**DIRECTIONS**
Look for the line with "Raja Collection459 - Mukena" in the data below, then reproduce word for word that line and every line after it. Leave out all pictures and add nothing.

Entries taken from a collection
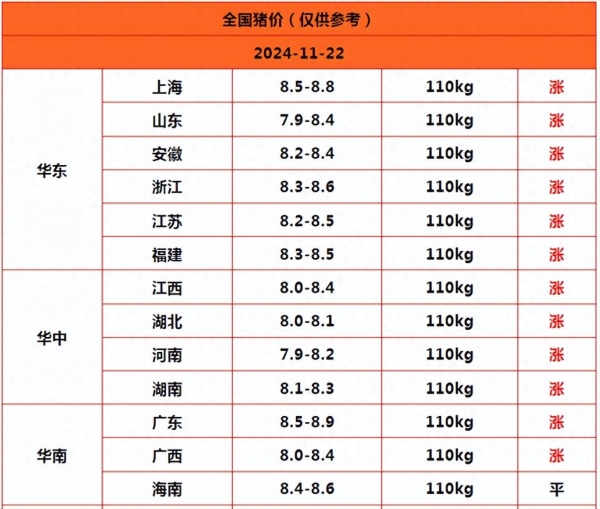 明天是2024年11月22日,牛气冲天!猪价继续一片红。从明日猪价预测来看,全国猪价1地平稳,25地上涨,0地下跌,猪价继续上涨。
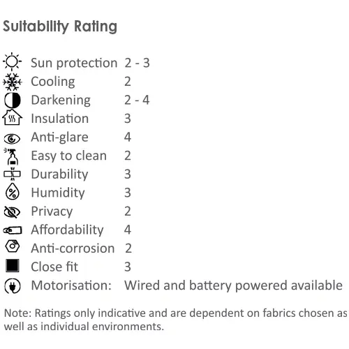 All components are manufactured using aluminium and glass reinforced nylon which will not corrode under normal circumstance. The system hascbeen designed for smooth operation, together with rigidity to prolong the window blind’s working life.
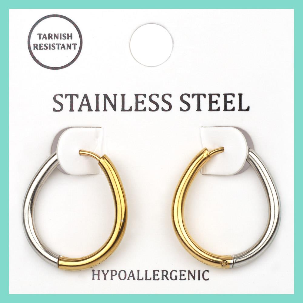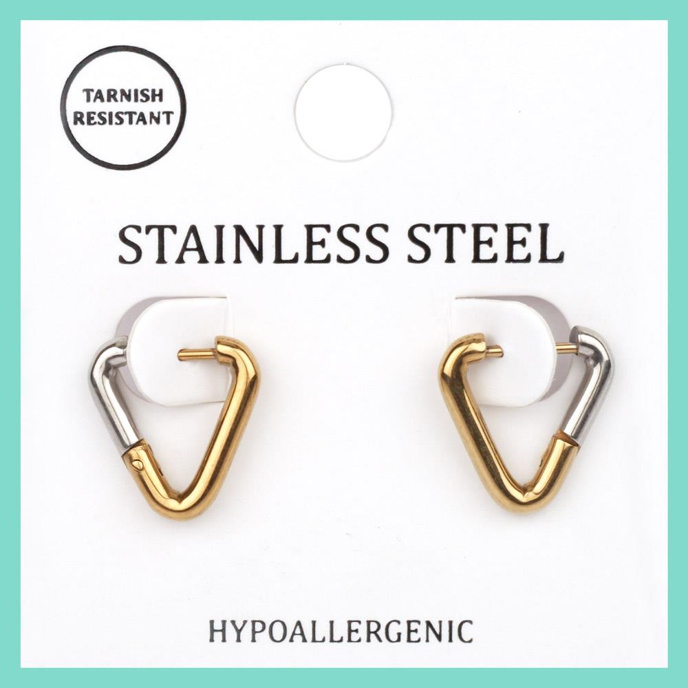 METAL TWO TONE STAINLESS STEEL HOOP HUGGIE TRIANGLE EARRING
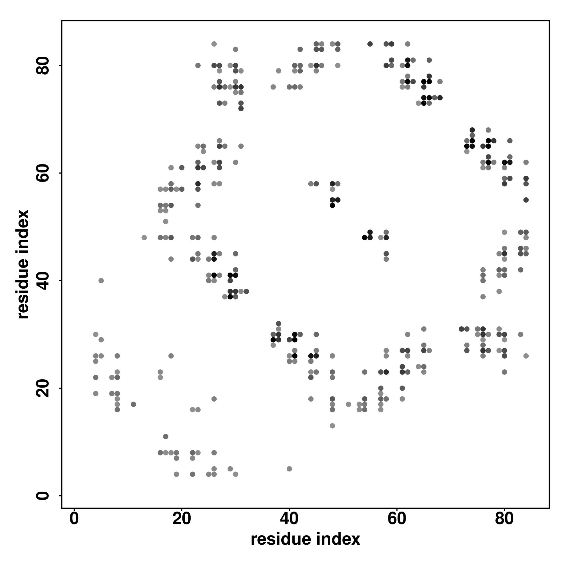 For the contact map, each dot represents a residue pair with predicted contact,
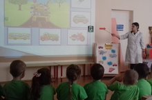 "Утырып йөрибез,йөзәбез,очабыз." 19.03.2018 Транспортның төп төрләре белән таныштыру: су, һава, җир транспорты. Сүзлекне активлаштыру: транспорт, машина йөртүче, самолет йөртүче, утырып бару, йөзү, очу. Транспортны кулланышы ягыннан (йөк ташучы, пассажирлар йөртүче) аера белергә өйрәтү. Транспортның төп өлешләрен чагыштыра белү күнекмәләр формалаштыру (кабина, арба, тәгәрмәч, руль һ.б.) Гомуми сөйләм күнекмәләрен, хәрәкәт һәм сөйләм координациясен камилләштерү. Күзәтүчәнлек, активлык, мөстәкыйльлек, олыларны хөрмәт итү кебек сыйфатларны үстерү максатыннан, икенче кечкенәләр төркемендә әйләнә-тирәлек белән таныштыру эшчәнлегендә тирәнтен үзләштерелде.(Тәрбияче Сабирова Р.Р).
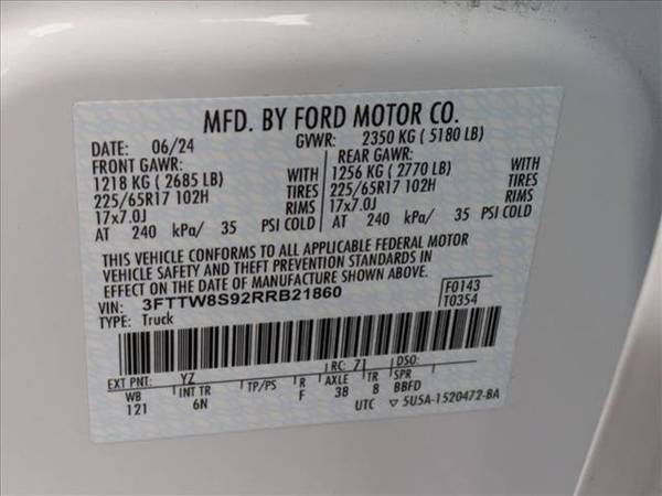 * Fx4 Off-Road Package * 4K Tow Package * Navigation System * Lane Keeping Assist * Keyless Start * Desert Brown; Activex Trimmed Front Bucket Seats * Engine: 2.0L Ecoboost * Equipment Group 500A Standard * Front License Plate Bracket * Oxford White * Transmission: 8-Speed AutomaticThis outstanding example of a 2024 Ford Maverick LARIAT is offered by AutoNation Subaru Carlsbad. This Ford includes: ENGINE: 2.0L ECOBOOST (STD) 4 Cylinder Engine Gasoline Fuel Turbocharged *Note - For third party subscriptions or services, please contact the dealer for more information.* Simply put, this all wheel drive vehicle is engineered with higher standards. Enjoy improved steering, superior acceleration, and increased stability and safety while driving this AWD FordMaverick LARIAT. This is the one. Just what you've been looking for. You could keep looking, but why? You've found the perfect vehicle right here.
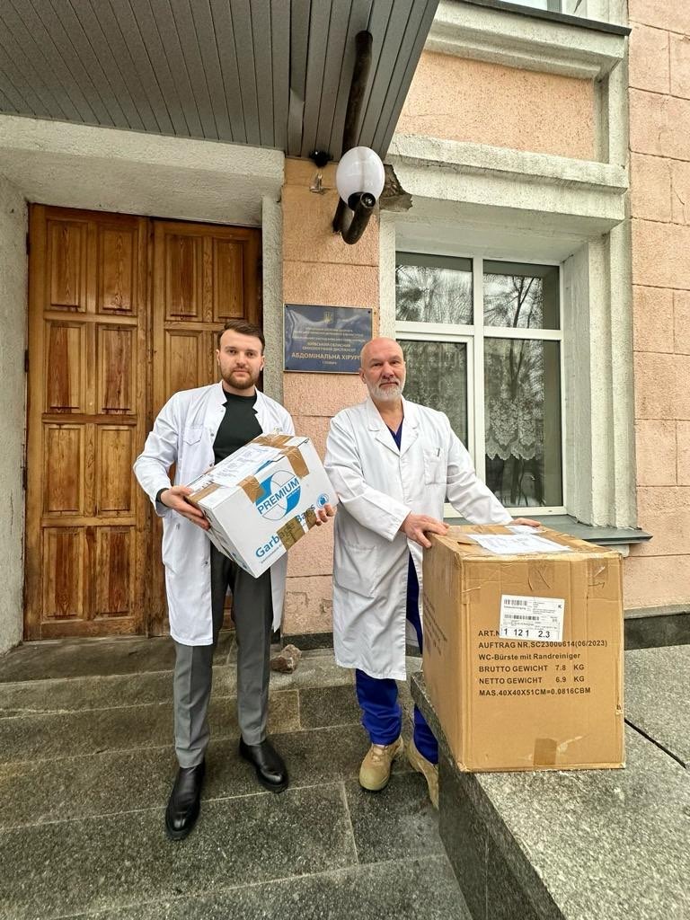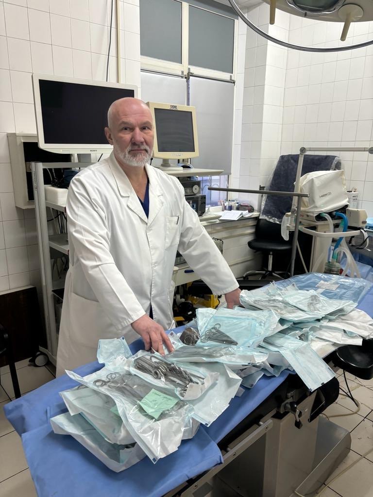 Aus einer großen Sachspende verfügen wir über einen Pool an neuwertigen chirurgischen Instrumenten. Den Katalog übermitteln wir in regelmäßigen Abständen an ukrainische Kliniken, die daraus Instrumente und Werkzeug bestellen können. Die passenden Gegenstände werden dann kostenfrei in die Ukraine geliefert. Hier hat Dr. Kirsenko, Chirurg in einer onkologischen Klinik in Kyiv eine Lieferung in Empfang genommen. Mit ihm war ich im November selbst vor Ort im Einsatz. Vielen Dank an Doreen Fuhr und Dr. Christian Friese von den DRK Kliniken Berlin für den nachhaltigen logistischen Support. Ohne die Infrastruktur einer größeren Klinik wäre diese Aktion schlicht undurchführbar.
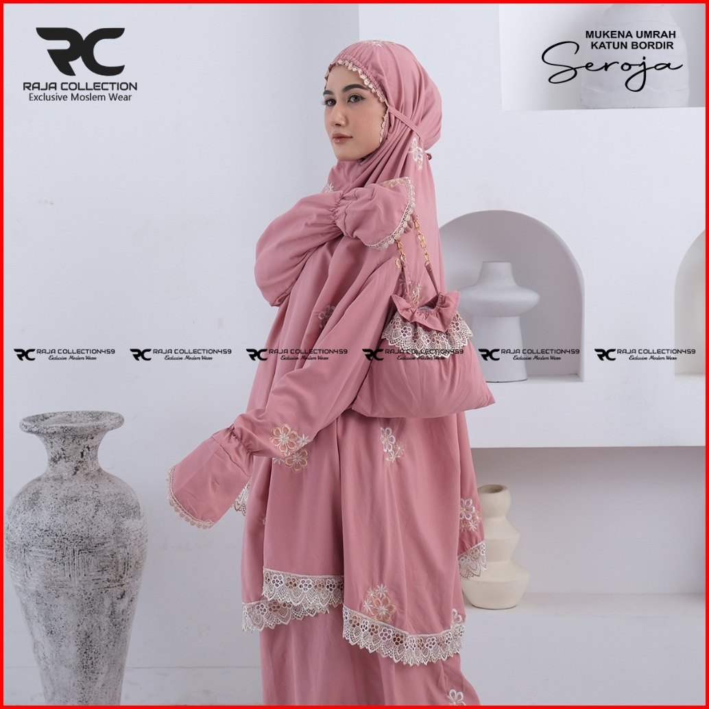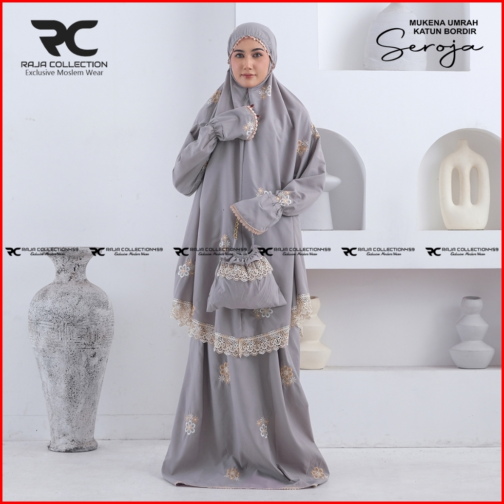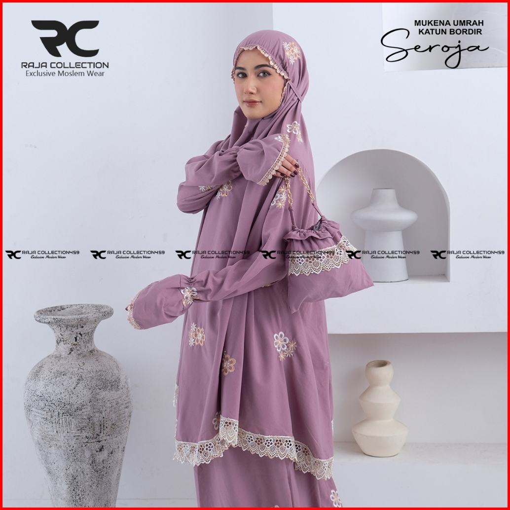 Raja Collection459 - Mukena Dewasa Jumbo Katun Premium Umrah Haji Atas Bawah Berlengan Bordir Seroja
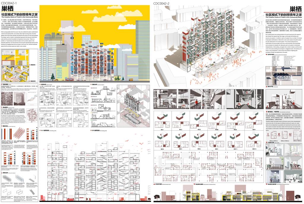 | 获奖作品2:《巢栖 社区模式下的创想青年之家》作者:王一琪、周思静 |

**WRITTEN ANSWER**
 Raja Collection459 - Mukena Dewasa Jumbo Katun Premium Umrah Haji Atas Bawah Berlengan Bordir Seroja
 | 获奖作品2:《巢栖 社区模式下的创想青年之家》作者:王一琪、周思静 |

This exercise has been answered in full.